According to Countryaah, the great economic engine of the North American continent is undoubtedly the strong industry in Canada and the United States, especially the latter. With a high use of cutting edge technology and specialized labor, these two countries are responsible for a large part of the manufactured items of the American continent – which also has South and Central America.

We can highlight products with high added value, such as automobiles, appliances and electronics. With regard to heavy industry, these industrial parks are located mainly in the northeast of the United States and southeast of Canada, in the Great Lakes region, and also in the southwest of the United States, more precisely in Silicon Valley, California.

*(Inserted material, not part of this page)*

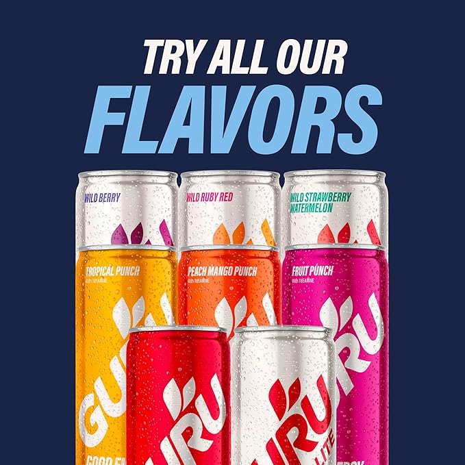 • SPREAD FEEL GOOD ENERGY: Organic energy drinks crafts with plant based ingredients. GURU is about helping you blaze new trails, reach new heights, and find your true nature. Help us share good energy, inspire communities and be a GURU to others!

The Mexican industry is one of the most developed in Latin America, however it does not stand up to its northern neighbors and is characterized mainly by the production of textiles, industrialized foods and chemicals, concentrated in the region of Mexico City and Guadalajara. A characteristic of the Mexican industry is the production units specialized in finalizing the assembly of imported products, the maquiladoras. This type of industry had a great boost with the entry of Mexico in NAFTA, these units are concentrated in northern Mexico, mainly in the state of Sonora.

Agriculture

North America has a diversified agriculture, cultivating corn, soybeans, and wheat on the plains of southern Canada and the midwestern United States, in addition to the production of warm climate fruits in California and the southwestern United States, and cold climate fruits in the Great Lakes region and on the northeastern coast of the USA and southeastern Canada. Agriculture in these countries has a strong technological apparatus and many government subsidies to maintain competitiveness in both the domestic and foreign markets. Mexico produces a wide variety of agricultural crops such as beans and corn, the basis of the Mexican population’s diet, in addition to coffee, fruit, cotton, sisal and soy. These last three are mainly for export. Mexico, like most of Latin America, suffers from a serious concentration of land, making it difficult to develop sustainable agriculture. Livestock is very present in the North American continent, with a strong presence of sheep herds in southern Canada and, mainly, of cattle in the central west and southeast of the USA, with a strong production of milk and dairy products. This sector, as well as in agriculture, has a strong use of technology. In Mexico, the presence of cattle and pigs stands out.

Mining and Oil

North America has large reserves of minerals, such as oil in the southern center and Alaska, the United States, western Canada and eastern Mexico, and natural gas in the same spaces where oil reserves are found. The Gulf of Mexico is full of oil extraction platforms. The uranium is much explored in northern Canada, as well as silver in the desert regions of Mexico. It is also possible to find deposits of coal, iron, copper, nickel, lead and zinc in different regions of North America.